# Work instruction
Once the line with "Personalised red design" is reached, output it and every line after it, exactly, through the end of the records below. Pictures are skipped.
**** Dataset records
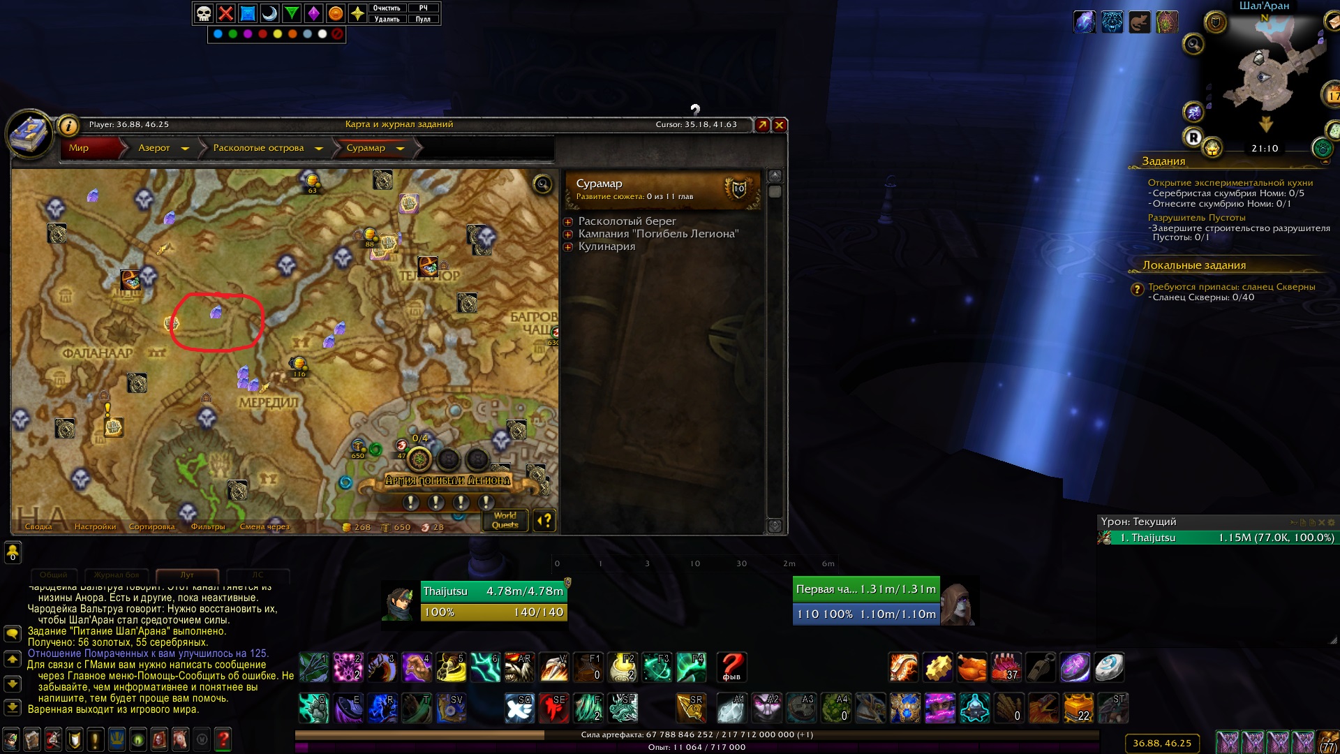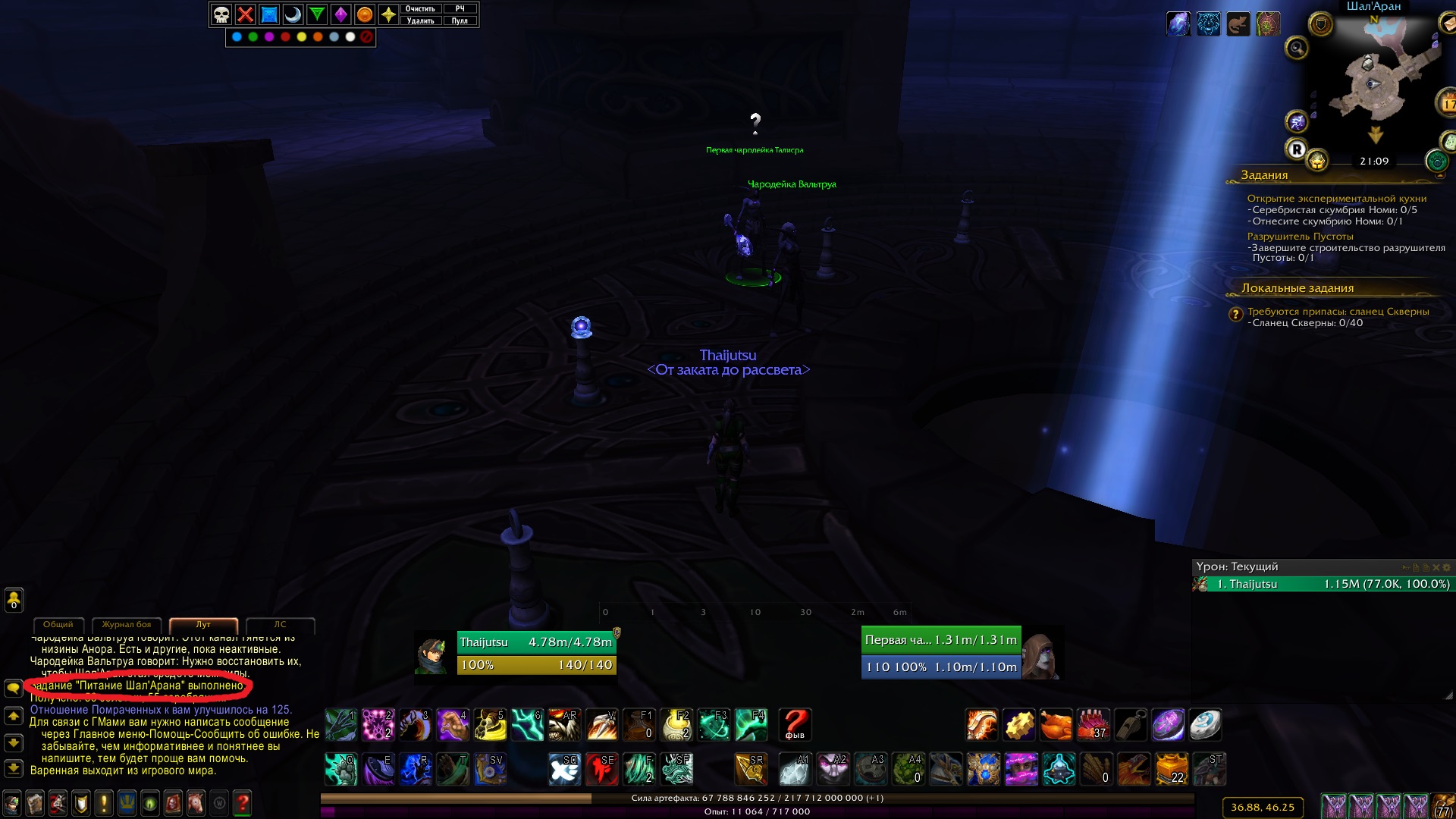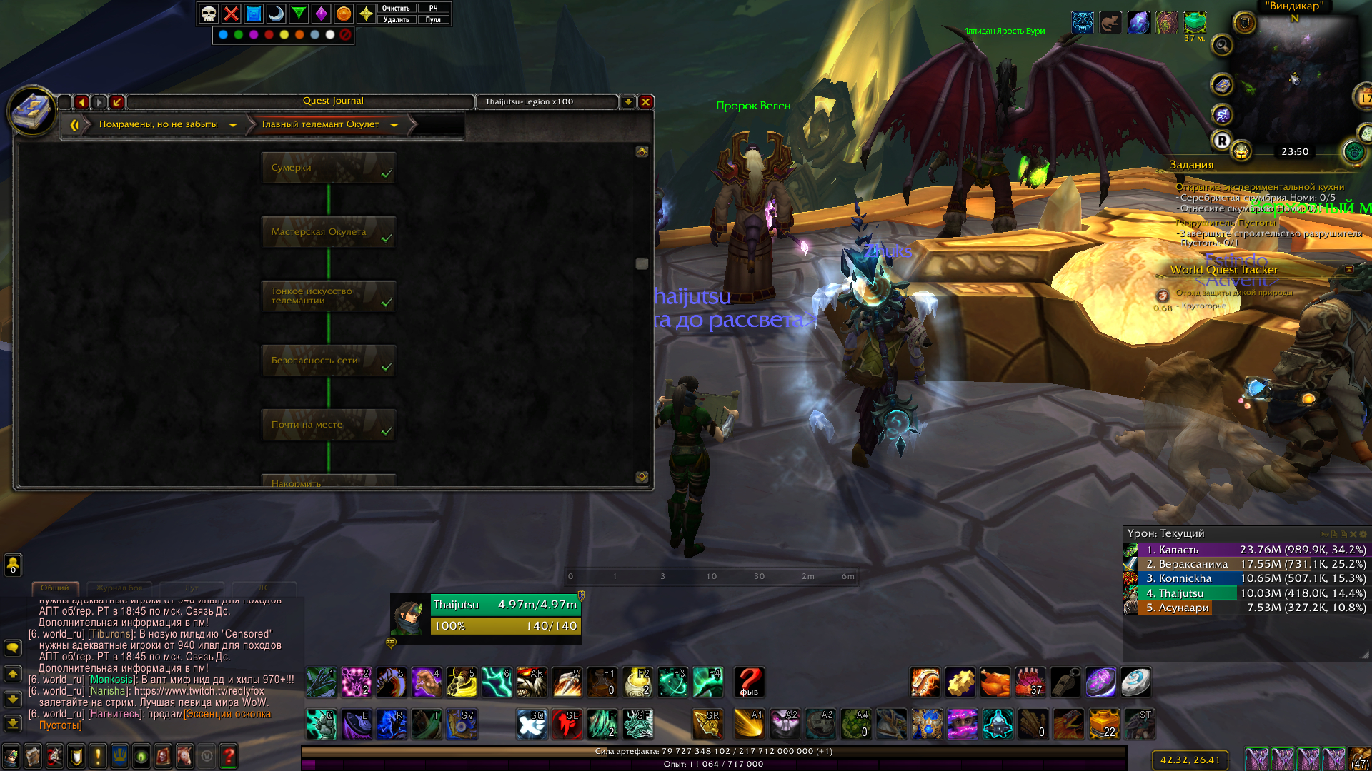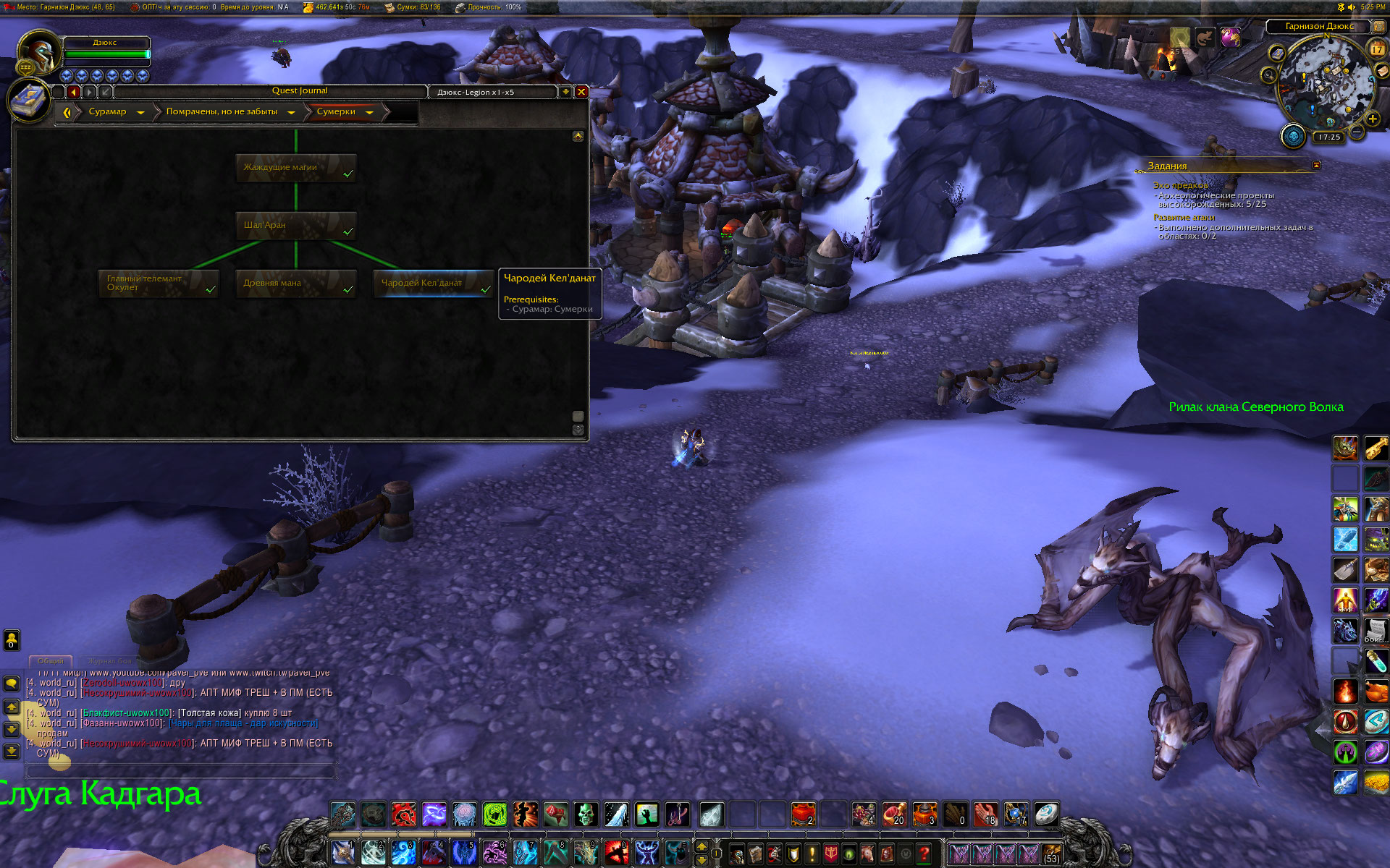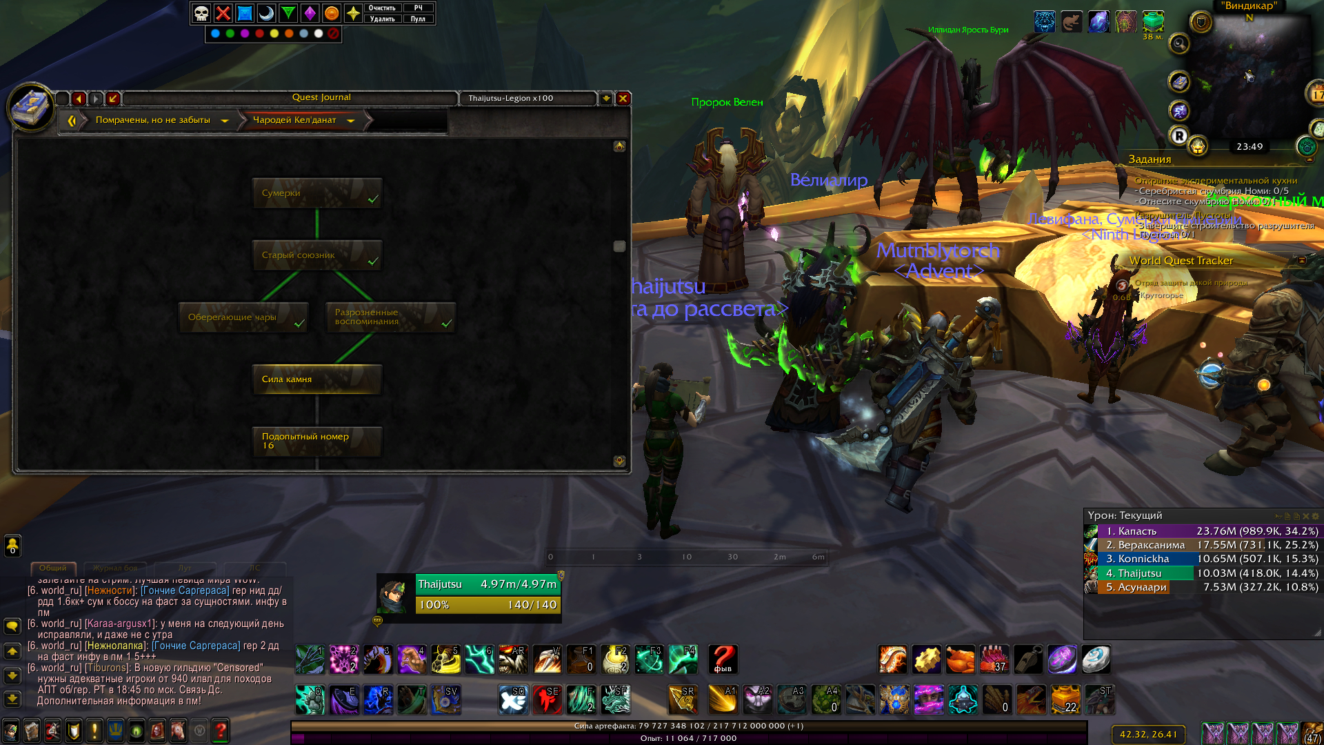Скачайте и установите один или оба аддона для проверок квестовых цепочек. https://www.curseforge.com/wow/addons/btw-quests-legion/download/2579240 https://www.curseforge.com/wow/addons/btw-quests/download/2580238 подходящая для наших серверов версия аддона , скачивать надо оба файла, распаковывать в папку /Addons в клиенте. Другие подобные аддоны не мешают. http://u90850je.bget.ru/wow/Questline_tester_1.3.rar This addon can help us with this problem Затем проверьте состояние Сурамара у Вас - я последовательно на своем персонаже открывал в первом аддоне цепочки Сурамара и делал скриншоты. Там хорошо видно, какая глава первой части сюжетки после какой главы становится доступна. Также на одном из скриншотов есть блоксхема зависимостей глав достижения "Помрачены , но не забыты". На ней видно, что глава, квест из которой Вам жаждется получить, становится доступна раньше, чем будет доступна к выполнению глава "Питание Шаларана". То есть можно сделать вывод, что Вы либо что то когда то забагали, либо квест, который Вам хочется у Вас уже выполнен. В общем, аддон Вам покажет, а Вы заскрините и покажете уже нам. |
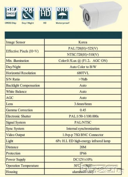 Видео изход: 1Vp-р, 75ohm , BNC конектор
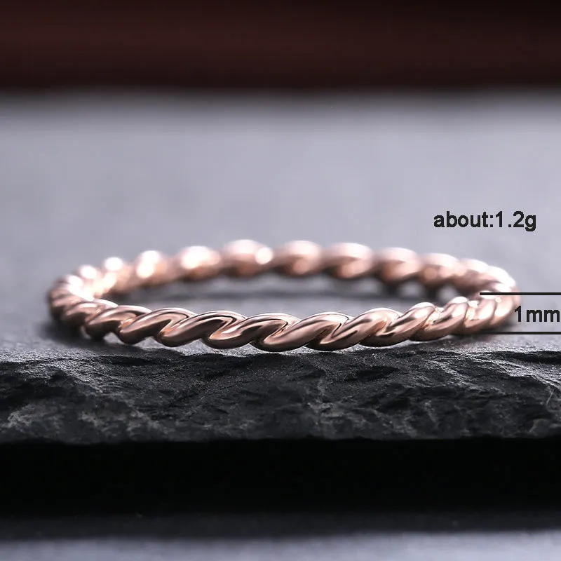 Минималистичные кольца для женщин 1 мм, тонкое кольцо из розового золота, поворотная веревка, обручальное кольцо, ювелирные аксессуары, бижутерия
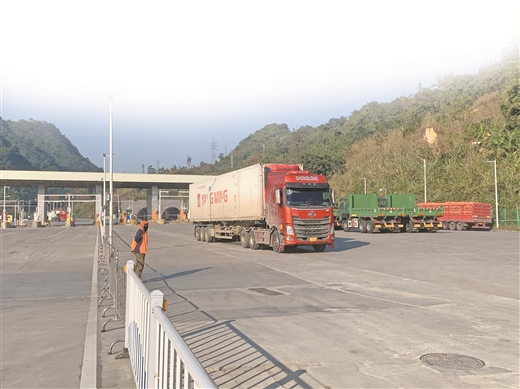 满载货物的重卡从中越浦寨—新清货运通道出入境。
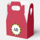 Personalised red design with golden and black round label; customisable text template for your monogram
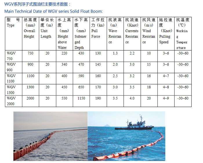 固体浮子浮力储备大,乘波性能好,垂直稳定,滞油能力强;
********
# Answer to the problem
 Personalised red design with golden and black round label; customisable text template for your monogram
 固体浮子浮力储备大,乘波性能好,垂直稳定,滞油能力强;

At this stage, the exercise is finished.